BRIEF -
Return each record word for word, keeping none of its pictures.

DATA FOR THE TASK -
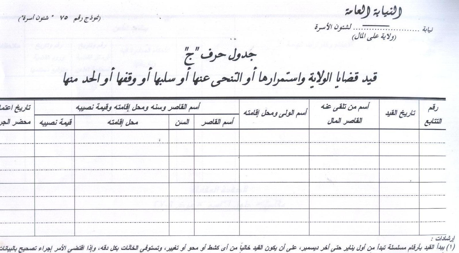 بتاريخ: 3 يناير 201016 سنة كاتب الموضوع comment_181317 صورة رقم 001,0001,002 هى صورة يتم فيها قيد نوع الوصاية(وصاية جدول ا - ولاية طبيعية جدول ج - ولاية شرعية جدول ب - قيم جدول ج ) ويتم القيد بها على حسب ورد القضية مثل قضية رقم 1 لسنة 2010 اسم المرحوم محسن مصطفى على واسم الوصية اسماء على محمد واسماء القصر محمد , منى , فتحى وسنهم 19 ,16 ,13 وتاريخ الميلاد صورة رقم 3 ,4 , 5 ,6 صورة رقم 3 هى صورة لاموال القصر 3000 جنية واقل حسب مبلغ القاصر اما الصورة رقم 4 و5 و6 فهى للفهارس للتيسير على سرعة الوصول الى الاسم ورقم القضية ونوع الوصاية ويتم القيد حسب الحروف الابجدية باسم المتوفى تقديم بلاغ
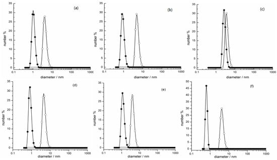 DLS results of 5.00 × 10−3 mol/kg azobenzene-based IL surfactants in aqueous solution at 25.0 °C: (a) [C4AzoC2DMEA]Br; (b) [C4AzoC4DMEA]Br; (c) [C4AzoC6DMEA]Br; (d) [C4AzoC2TMA]Br; (e) [C4AzoC2MIM]Br; (f) [C4AzoC2Py]Br; ○, before UV irradiation; ●, after UV irradiation.
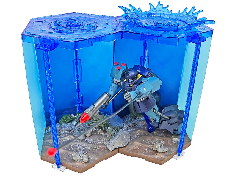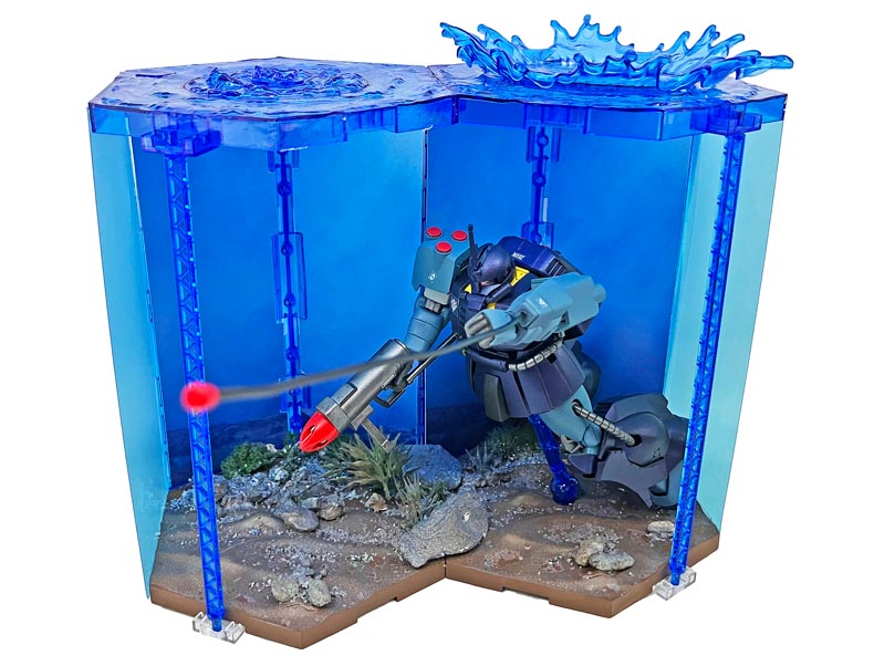 当初はコレクションケースを水中ジオラマ化して、すべて手作りのジオラマベースを製作する予定でしたが、製作直前にガンダムベース福岡で「カスタマイズシーンベース (水上Ver.)」が再販されいるのを発見。2個組み合わせたディスプレイに刺激されて予定を変更しました。
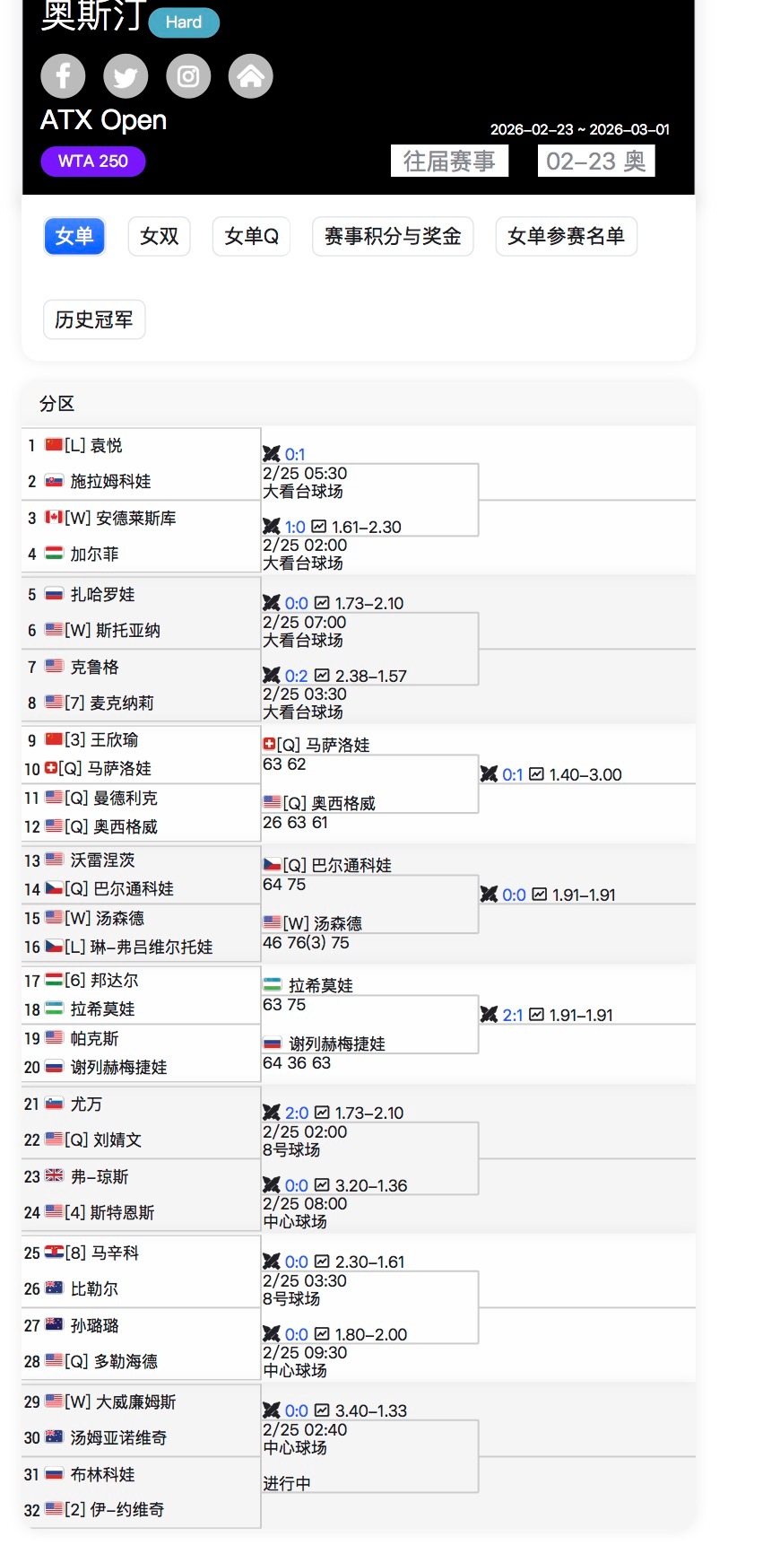 奥斯汀250赛,头号种子、刚拿到迪拜1000赛冠军的佩古拉退赛,前赛会冠军袁悦替补入围,顶替头号种子签位,首轮对阵施拉姆科娃,次轮对位安德莱斯
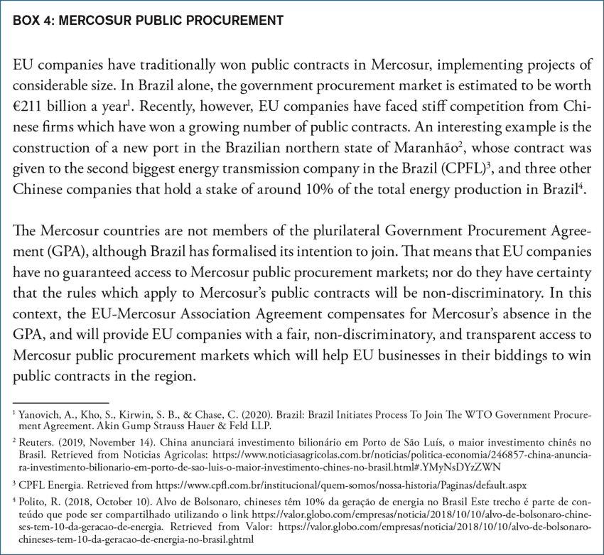 However, the EU-Mercosur investment relationship has been overshadowed by the rise of China as both a big investor into Mercosur and a destination for Mercosur investment. As Mercosur and China benefit from mutual exchanges, their economies have become increasingly interconnected, and investments have naturally followed on the heels of the trade growth (See Box 4: Mercosur Public Procurement). Chinese investment in Mercosur includes infrastructure projects such as rail networks connecting Brazil’s mining heartland with the Barcarena port in the State of Pará in Brazil to facilitate the exports of iron and other natural resources[10]. Meanwhile, Brazilian investment in China has also been on the rise: outside of the Americas, China is the only country to receive more than €1 billion in investment between 2015 and 2020 from Brazil[11]. This includes companies like Embraer, a Brazilian plane manufacturing company, which is exploring an expansion into the Chinese market to meet the rising regional demand[12].

ANSWER SPACE -
 بتاريخ: 3 يناير 201016 سنة كاتب الموضوع comment_181317 صورة رقم 001,0001,002 هى صورة يتم فيها قيد نوع الوصاية(وصاية جدول ا - ولاية طبيعية جدول ج - ولاية شرعية جدول ب - قيم جدول ج ) ويتم القيد بها على حسب ورد القضية مثل قضية رقم 1 لسنة 2010 اسم المرحوم محسن مصطفى على واسم الوصية اسماء على محمد واسماء القصر محمد , منى , فتحى وسنهم 19 ,16 ,13 وتاريخ الميلاد صورة رقم 3 ,4 , 5 ,6 صورة رقم 3 هى صورة لاموال القصر 3000 جنية واقل حسب مبلغ القاصر اما الصورة رقم 4 و5 و6 فهى للفهارس للتيسير على سرعة الوصول الى الاسم ورقم القضية ونوع الوصاية ويتم القيد حسب الحروف الابجدية باسم المتوفى تقديم بلاغ
 DLS results of 5.00 × 10−3 mol/kg azobenzene-based IL surfactants in aqueous solution at 25.0 °C: (a) [C4AzoC2DMEA]Br; (b) [C4AzoC4DMEA]Br; (c) [C4AzoC6DMEA]Br; (d) [C4AzoC2TMA]Br; (e) [C4AzoC2MIM]Br; (f) [C4AzoC2Py]Br; ○, before UV irradiation; ●, after UV irradiation.
 当初はコレクションケースを水中ジオラマ化して、すべて手作りのジオラマベースを製作する予定でしたが、製作直前にガンダムベース福岡で「カスタマイズシーンベース (水上Ver.)」が再販されいるのを発見。2個組み合わせたディスプレイに刺激されて予定を変更しました。
 奥斯汀250赛,头号种子、刚拿到迪拜1000赛冠军的佩古拉退赛,前赛会冠军袁悦替补入围,顶替头号种子签位,首轮对阵施拉姆科娃,次轮对位安德莱斯
 However, the EU-Mercosur investment relationship has been overshadowed by the rise of China as both a big investor into Mercosur and a destination for Mercosur investment. As Mercosur and China benefit from mutual exchanges, their economies have become increasingly interconnected, and investments have naturally followed on the heels of the trade growth (See Box 4: Mercosur Public Procurement). Chinese investment in Mercosur includes infrastructure projects such as rail networks connecting Brazil’s mining heartland with the Barcarena port in the State of Pará in Brazil to facilitate the exports of iron and other natural resources[10]. Meanwhile, Brazilian investment in China has also been on the rise: outside of the Americas, China is the only country to receive more than €1 billion in investment between 2015 and 2020 from Brazil[11]. This includes companies like Embraer, a Brazilian plane manufacturing company, which is exploring an expansion into the Chinese market to meet the rising regional demand[12].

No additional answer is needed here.